** Work request **
Set down the records exactly, and omit any image found in them.

+===+

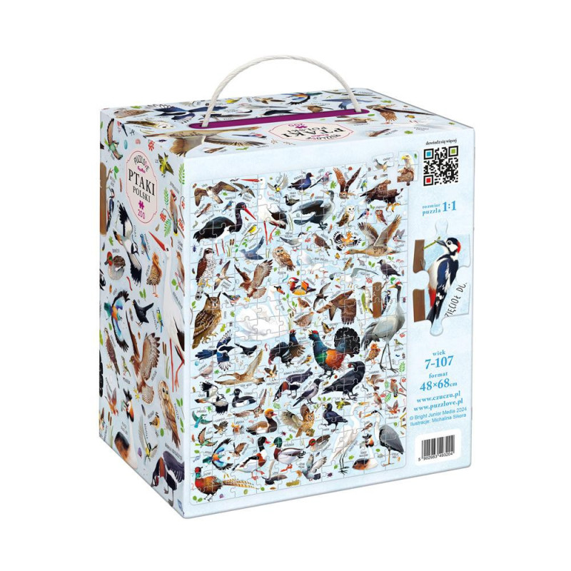 Duża 200-elementowa układanka przedstawia przeróżne gatunki ptaków, które można spotkać w Polsce, czasem na co dzień,
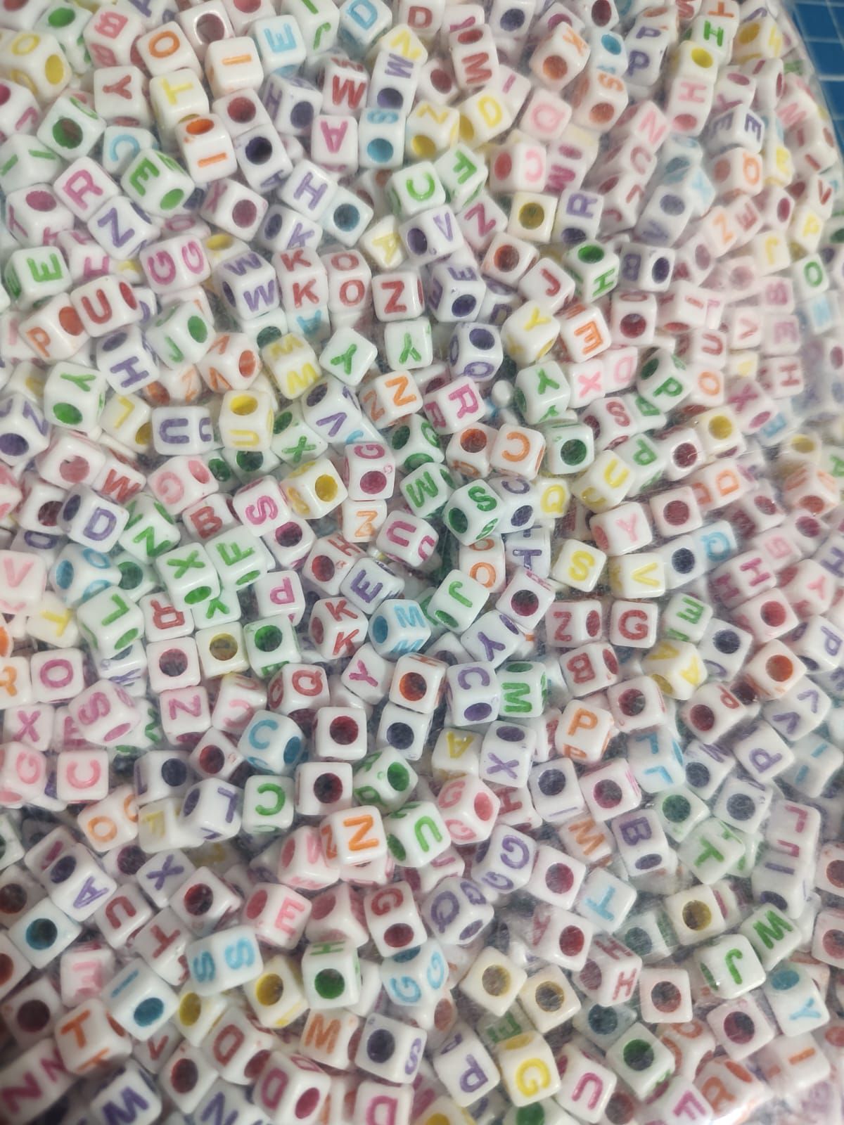 Miçangas coloridas entremeios quadrada com letras sortidas.
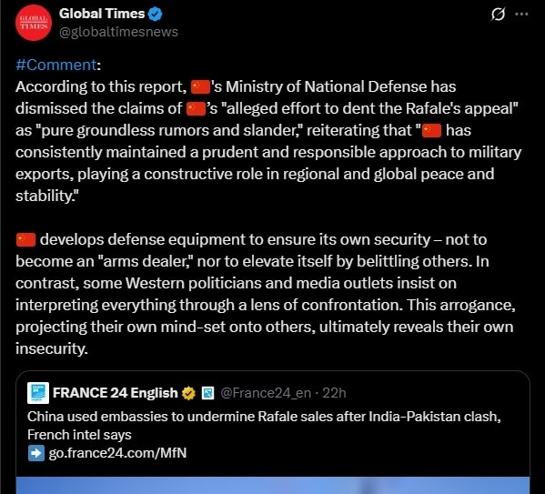 चीन ने फ्रांस की उस खुफिया रिपोर्ट को खारिज किया है जिसमें कहा गया था कि पाकिस्तान के खिलाफ भारत के ऑपरेशन सिंदूर के बाद चीन ने राफेल फाइटर जेट के खिलाफ प्रोपेगैंडा कैंपेन शुरू किया था. चीन के रक्षा मंत्रालय ने खुफिया रिपोर्ट को पूरी तरह से निराधार बताते हुए कहा है कि यह अफवाहों पर आधारित है जो चीन को बदनाम करती है.
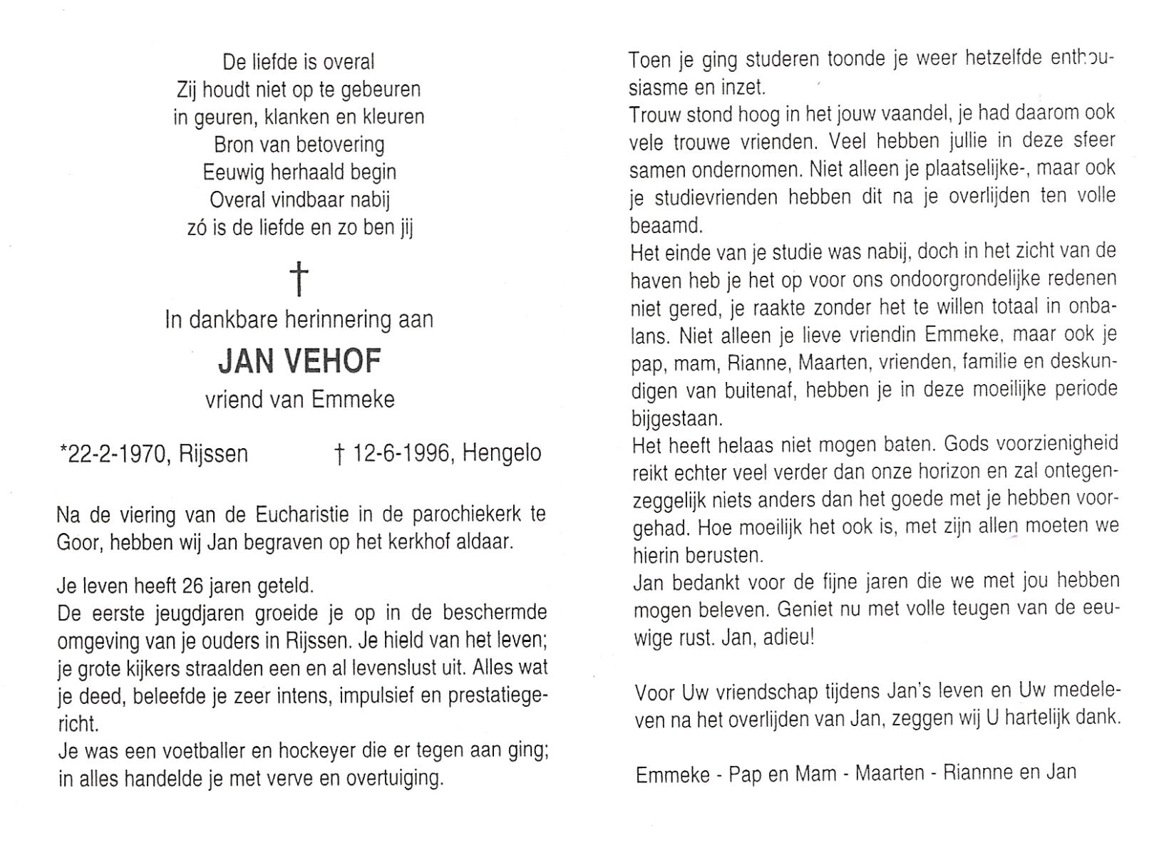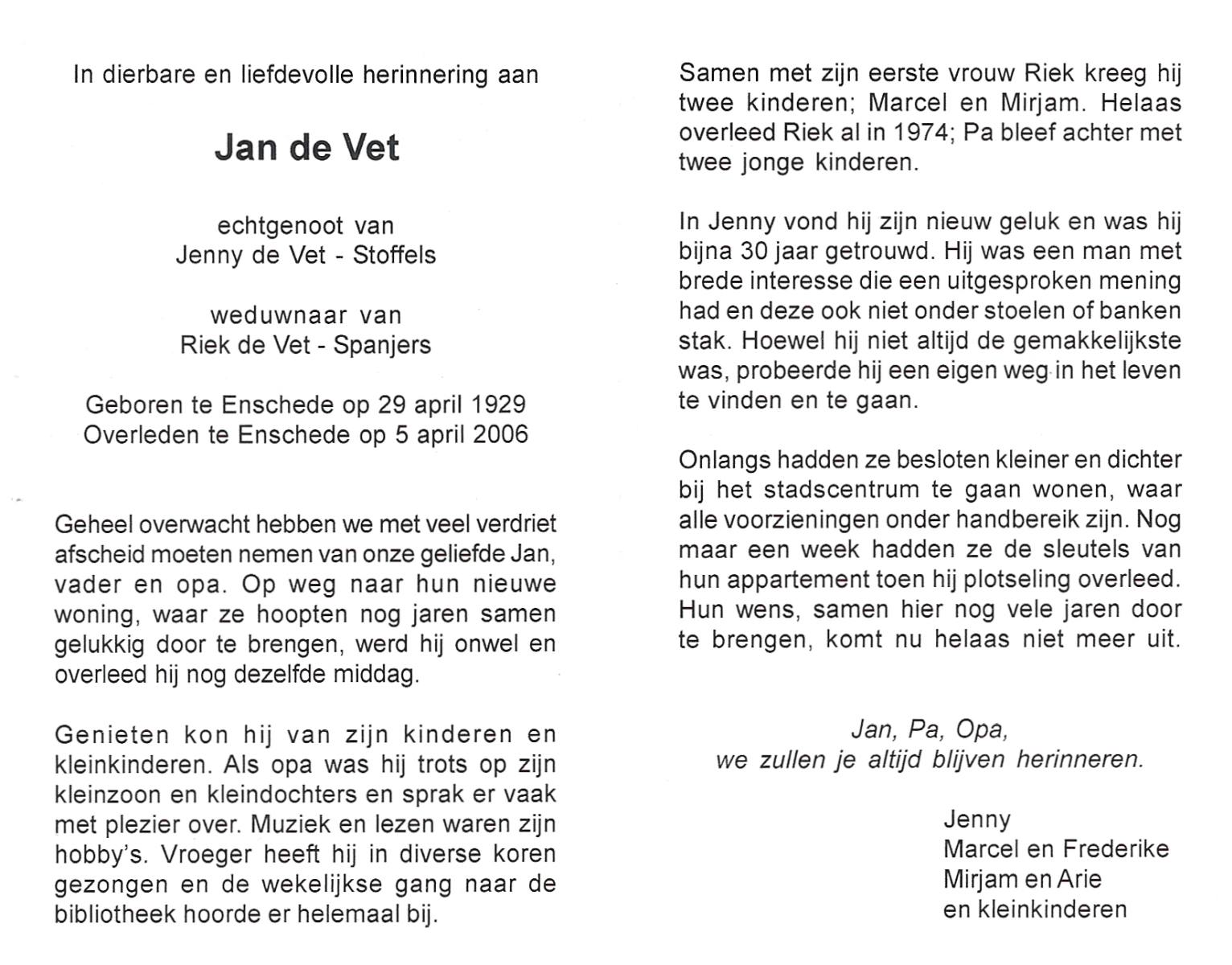VET, de, Jan, geboren op 29-4-1929 te Enschede, overleden op 5-4-2006 te Enschede op 76-jarige leeftijd.
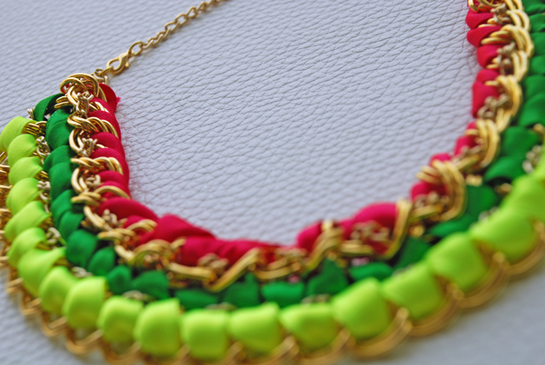 Aunque no lo parezca me encanta esta tendencia de colores flúor,me parece muy original y animado además de cara al verano cuando estemos morenitas tiene que quedar precioso.Muy buen gusto con el collar,superoriginal me encanta…
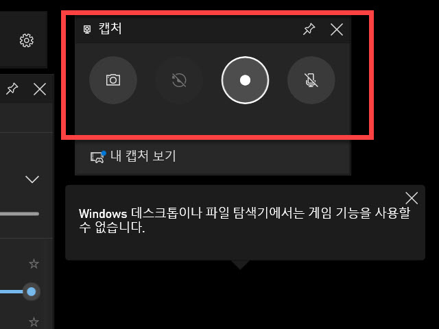엑스박스 게임바를 열면 캡쳐 버튼 상태와 소리 녹음의 상태도 시각적으로 확인할 수 있습니다
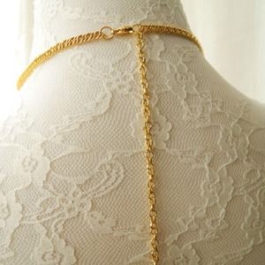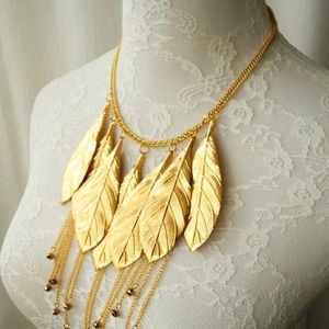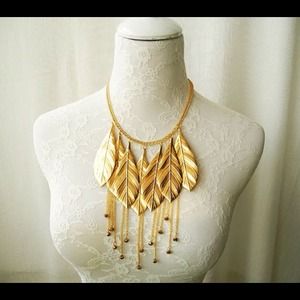 Handmade gold tone alloy bib necklace with leaf tassels. Length: 18". Extender: 5.9". Bought this on Etsy to match a dress for a wedding but it did not ship in time so I no longer need it. Comes in original packaging.
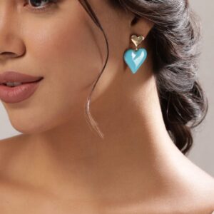 18K Gold Plated Blue Enamel Heart Motif Earrings – Blue::Gold
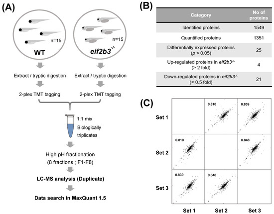 2.2. Comparative Proteome Analysis of eif2b3−/− Compared to Wild-Type
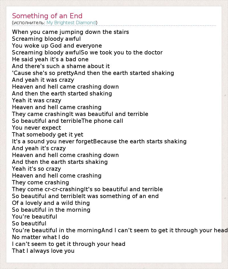 You're beautiful in the morningAnd I can't seem to get it through your head
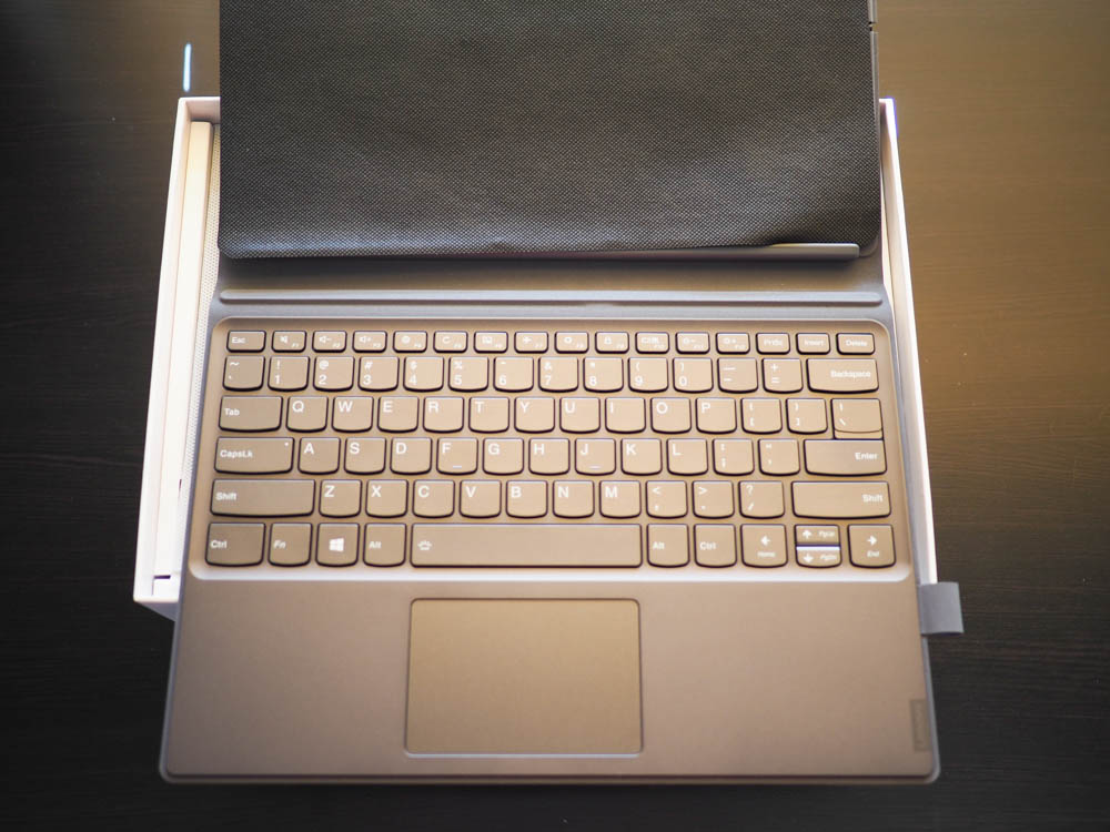 The second part of the Lenovo Miix 630 is the keyboard cover. It features full-sized keys with backlighting, a touchpad, and a little loop to hold the digital stylus. The back of the cover is hinged in the middle and can be bent to act as a stand that can be angled in a bunch of different positions. The tablet portion is held in place with some super powerful magnets. When the keyboard is not in use, it acts as the screen cover. Overall though, the keyboard cover is pretty nicely made. It’s got that leathery look and feel and the rear hinge for the stand is pretty strong. The keyboard is also pretty nice and feels nice a clicky.
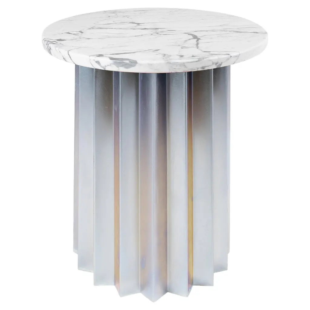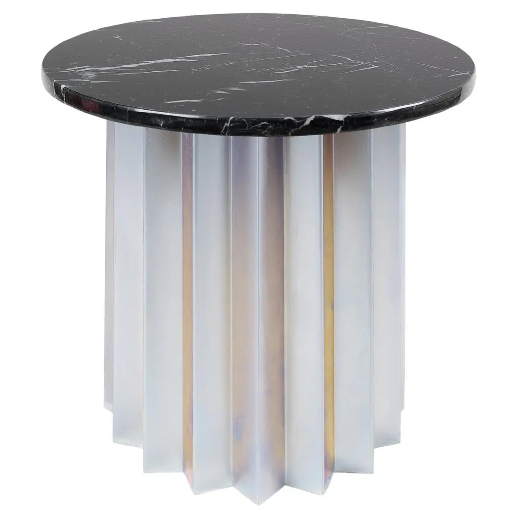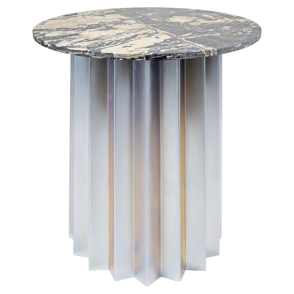 Volume is a collection of dining and side tables designed by DAY Studio in their unique simple and playful language. The powder coated metal base is completed with a table top selected from a distinguished choice of material and finish options.An AVLU staple with its zigzag fold metal pedestals in different color and sizes, Volume and our co-founder Yesim Eroktem has been featured in Phaidon’s Woman Made book amongst 200 most important women designers of the Century.Volume tables are produced upon order in marble, wood, and Avlu trademark terrazzo table tops that are custom made with unique brass inlays.

+===+

** Exercise response **
 Duża 200-elementowa układanka przedstawia przeróżne gatunki ptaków, które można spotkać w Polsce, czasem na co dzień,
 Miçangas coloridas entremeios quadrada com letras sortidas.
 चीन ने फ्रांस की उस खुफिया रिपोर्ट को खारिज किया है जिसमें कहा गया था कि पाकिस्तान के खिलाफ भारत के ऑपरेशन सिंदूर के बाद चीन ने राफेल फाइटर जेट के खिलाफ प्रोपेगैंडा कैंपेन शुरू किया था. चीन के रक्षा मंत्रालय ने खुफिया रिपोर्ट को पूरी तरह से निराधार बताते हुए कहा है कि यह अफवाहों पर आधारित है जो चीन को बदनाम करती है.
VET, de, Jan, geboren op 29-4-1929 te Enschede, overleden op 5-4-2006 te Enschede op 76-jarige leeftijd.
 Aunque no lo parezca me encanta esta tendencia de colores flúor,me parece muy original y animado además de cara al verano cuando estemos morenitas tiene que quedar precioso.Muy buen gusto con el collar,superoriginal me encanta…
엑스박스 게임바를 열면 캡쳐 버튼 상태와 소리 녹음의 상태도 시각적으로 확인할 수 있습니다
 Handmade gold tone alloy bib necklace with leaf tassels. Length: 18". Extender: 5.9". Bought this on Etsy to match a dress for a wedding but it did not ship in time so I no longer need it. Comes in original packaging.
 18K Gold Plated Blue Enamel Heart Motif Earrings – Blue::Gold
 2.2. Comparative Proteome Analysis of eif2b3−/− Compared to Wild-Type
 You're beautiful in the morningAnd I can't seem to get it through your head
 The second part of the Lenovo Miix 630 is the keyboard cover. It features full-sized keys with backlighting, a touchpad, and a little loop to hold the digital stylus. The back of the cover is hinged in the middle and can be bent to act as a stand that can be angled in a bunch of different positions. The tablet portion is held in place with some super powerful magnets. When the keyboard is not in use, it acts as the screen cover. Overall though, the keyboard cover is pretty nicely made. It’s got that leathery look and feel and the rear hinge for the stand is pretty strong. The keyboard is also pretty nice and feels nice a clicky.
 Volume is a collection of dining and side tables designed by DAY Studio in their unique simple and playful language. The powder coated metal base is completed with a table top selected from a distinguished choice of material and finish options.An AVLU staple with its zigzag fold metal pedestals in different color and sizes, Volume and our co-founder Yesim Eroktem has been featured in Phaidon’s Woman Made book amongst 200 most important women designers of the Century.Volume tables are produced upon order in marble, wood, and Avlu trademark terrazzo table tops that are custom made with unique brass inlays.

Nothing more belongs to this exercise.